Source material:
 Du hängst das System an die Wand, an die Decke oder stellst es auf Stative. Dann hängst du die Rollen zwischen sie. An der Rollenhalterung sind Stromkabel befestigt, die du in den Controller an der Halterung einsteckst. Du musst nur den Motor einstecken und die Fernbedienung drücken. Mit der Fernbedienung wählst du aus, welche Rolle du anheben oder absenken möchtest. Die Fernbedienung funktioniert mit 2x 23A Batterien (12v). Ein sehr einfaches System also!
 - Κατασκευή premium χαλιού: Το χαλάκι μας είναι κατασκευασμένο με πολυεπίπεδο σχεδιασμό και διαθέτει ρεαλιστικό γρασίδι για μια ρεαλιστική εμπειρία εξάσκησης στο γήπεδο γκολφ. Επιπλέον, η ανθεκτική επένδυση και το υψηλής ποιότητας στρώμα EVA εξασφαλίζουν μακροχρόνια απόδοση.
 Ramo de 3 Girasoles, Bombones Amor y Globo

---

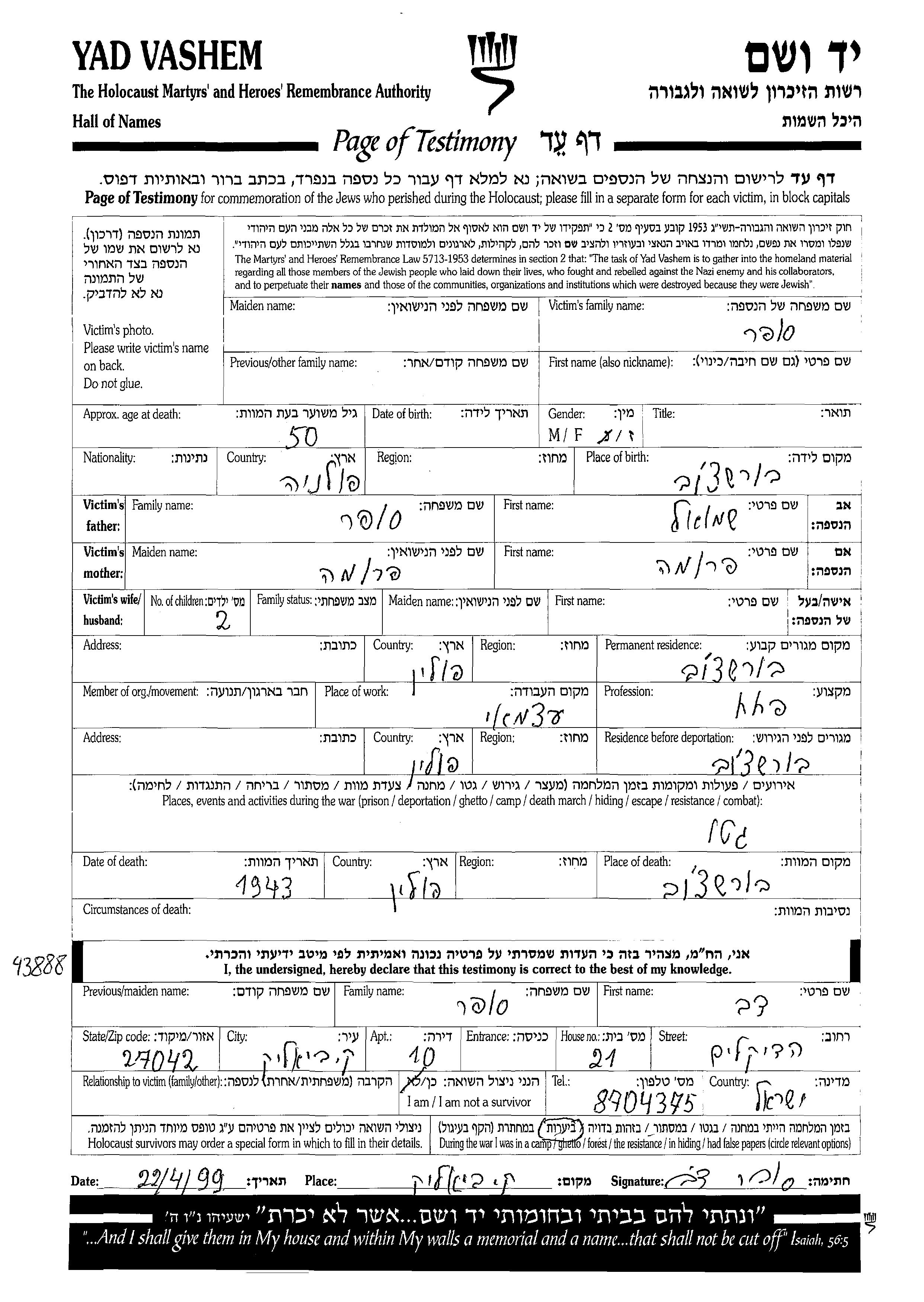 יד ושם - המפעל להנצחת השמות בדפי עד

The task: Retype exactly, and only, the lines above from the one where "Du hängst das" occurs up to and including the one where "Ramo de 3 Girasoles, Bombones Amor y Globo" occurs.

Expected answer:
 Du hängst das System an die Wand, an die Decke oder stellst es auf Stative. Dann hängst du die Rollen zwischen sie. An der Rollenhalterung sind Stromkabel befestigt, die du in den Controller an der Halterung einsteckst. Du musst nur den Motor einstecken und die Fernbedienung drücken. Mit der Fernbedienung wählst du aus, welche Rolle du anheben oder absenken möchtest. Die Fernbedienung funktioniert mit 2x 23A Batterien (12v). Ein sehr einfaches System also!
 - Κατασκευή premium χαλιού: Το χαλάκι μας είναι κατασκευασμένο με πολυεπίπεδο σχεδιασμό και διαθέτει ρεαλιστικό γρασίδι για μια ρεαλιστική εμπειρία εξάσκησης στο γήπεδο γκολφ. Επιπλέον, η ανθεκτική επένδυση και το υψηλής ποιότητας στρώμα EVA εξασφαλίζουν μακροχρόνια απόδοση.
 Ramo de 3 Girasoles, Bombones Amor y Globo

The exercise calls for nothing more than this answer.